Starting heartbeat 2.1.3
heartbeat[3152]: 2011/07/08_11:34:50 info: heartbeat: version 2.1.3
heartbeat[3152]: 2011/07/08_11:34:50 info: Heartbeat generation: 1310070701
heartbeat[3152]: 2011/07/08_11:34:50 info: glib: UDP Broadcast
heartbeat started on port 694 (694) interface eth0
heartbeat[3152]: 2011/07/08_11:34:50 info: glib: UDP Broadcast
heartbeat closed on port 694 interface eth0 - Status: 1
heartbeat[3152]: 2011/07/08_11:34:50 info: G_main_add_TriggerHandler:
Added signal manual handler
heartbeat[3152]: 2011/07/08_11:34:50 info: G_main_add_TriggerHandler:
Added signal manual handler
heartbeat[3152]: 2011/07/08_11:34:50 info: G_main_add_SignalHandler:
Added signal handler for signal 17
heartbeat[3152]: 2011/07/08_11:34:50 info: Local status now set to: 'up'
heartbeat[3152]: 2011/07/08_11:34:51 info: Link pbx02.brm:eth0 up.
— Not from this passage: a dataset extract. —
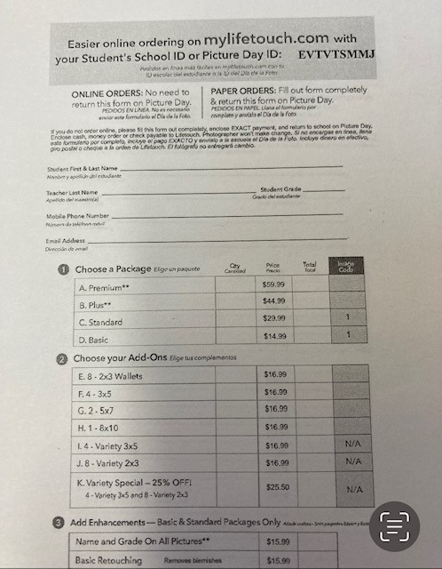 Parents can order underclassmen pictures online using the code on top right of the form above or bring Jamie Johnson the completed packet with the exact money, and Ms. Johnson can mail it in.

heartbeat[3152]: 2011/07/08_11:34:52 info: Link pbx03.brm:eth0 up.
heartbeat[3152]: 2011/07/08_11:34:52 info: Status update for node
pbx03.brm: status active
heartbeat[3152]: 2011/07/08_11:34:52 info: Comm_now_up(): updating
status to active
heartbeat[3152]: 2011/07/08_11:34:52 info: Local status now set to: 'active'
harc[3287]:     2011/07/08_11:34:52 info: Running /etc/ha.d/rc.d/status status
heartbeat[3152]: 2011/07/08_11:35:03 info: local resource transition completed.
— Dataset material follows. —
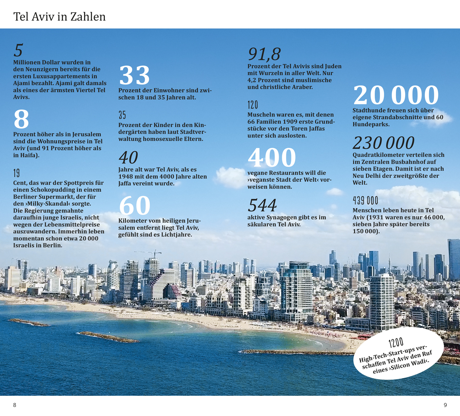 Alt und jung zugleich ist Tel Aviv, und das ist nicht das einzige Paradoxon. Tel Aviv gilt als veganste Stadt der Welt und als Mekka der LGBT-Szene, hier trifft Naher Osten auf nackte Haut, Laissez-faire auf High-Tech-Boom, und das umgeben von islamisch geprägten Nachbarn und mit einer wachsenden ultraorthodoxen Bevölkerung im Land.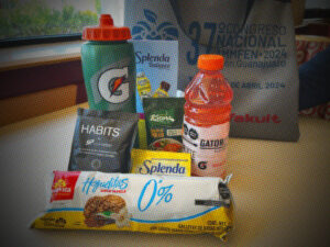Productos entregados a los asistentes al 37 Congreso AMMFEN y stands de empresas promocionando productos

heartbeat[3152]: 2011/07/08_11:35:03 info: Initial resource
acquisition complete (T_RESOURCES(us))
heartbeat[3651]: 2011/07/08_11:35:03 info: No local resources
[/usr/share/heartbeat/ResourceManager listkeys pbx02.brm] to acquire.
heartbeat[3152]: 2011/07/08_11:35:04 info: remote resource transition completed.

# SYSTEM B: PBX03.BRM
#
heartbeat[3151]: 2011/07/08_11:34:48 info: Version 2 support: false
heartbeat[3151]: 2011/07/08_11:34:48 WARN: Logging daemon is disabled
--enabling logging daemon is recommended
heartbeat[3151]: 2011/07/08_11:34:48 info: **************************
heartbeat[3151]: 2011/07/08_11:34:48 info: Configuration validated.
Starting heartbeat 2.1.3
heartbeat[3152]: 2011/07/08_11:34:48 info: heartbeat: version 2.1.3
heartbeat[3152]: 2011/07/08_11:34:48 info: Heartbeat generation: 1310070791
heartbeat[3152]: 2011/07/08_11:34:48 info: glib: UDP Broadcast
heartbeat started on port 694 (694) interface eth0
heartbeat[3152]: 2011/07/08_11:34:48 info: glib: UDP Broadcast
heartbeat closed on port 694 interface eth0 - Status: 1
heartbeat[3152]: 2011/07/08_11:34:48 info: G_main_add_TriggerHandler:
Added signal manual handler
heartbeat[3152]: 2011/07/08_11:34:48 info: G_main_add_TriggerHandler:
Added signal manual handler
heartbeat[3152]: 2011/07/08_11:34:48 info: G_main_add_SignalHandler:
Added signal handler for signal 17
heartbeat[3152]: 2011/07/08_11:34:48 info: Local status now set to: 'up'
heartbeat[3152]: 2011/07/08_11:34:49 info: Link pbx03.brm:eth0 up.
heartbeat[3152]: 2011/07/08_11:34:52 info: Link pbx02.brm:eth0 up.
heartbeat[3152]: 2011/07/08_11:34:52 info: Status update for node
pbx02.brm: status up
harc[3416]:     2011/07/08_11:34:52 info: Running /etc/ha.d/rc.d/status status
heartbeat[3152]: 2011/07/08_11:34:52 info: Comm_now_up(): updating
status to active
heartbeat[3152]: 2011/07/08_11:34:52 info: Local status now set to: 'active'
heartbeat[3152]: 2011/07/08_11:34:53 info: Status update for node
pbx02.brm: status active
harc[3435]:     2011/07/08_11:34:53 info: Running /etc/ha.d/rc.d/status status
heartbeat[3152]: 2011/07/08_11:35:04 info: remote resource transition completed.
heartbeat[3152]: 2011/07/08_11:35:04 info: remote resource transition completed.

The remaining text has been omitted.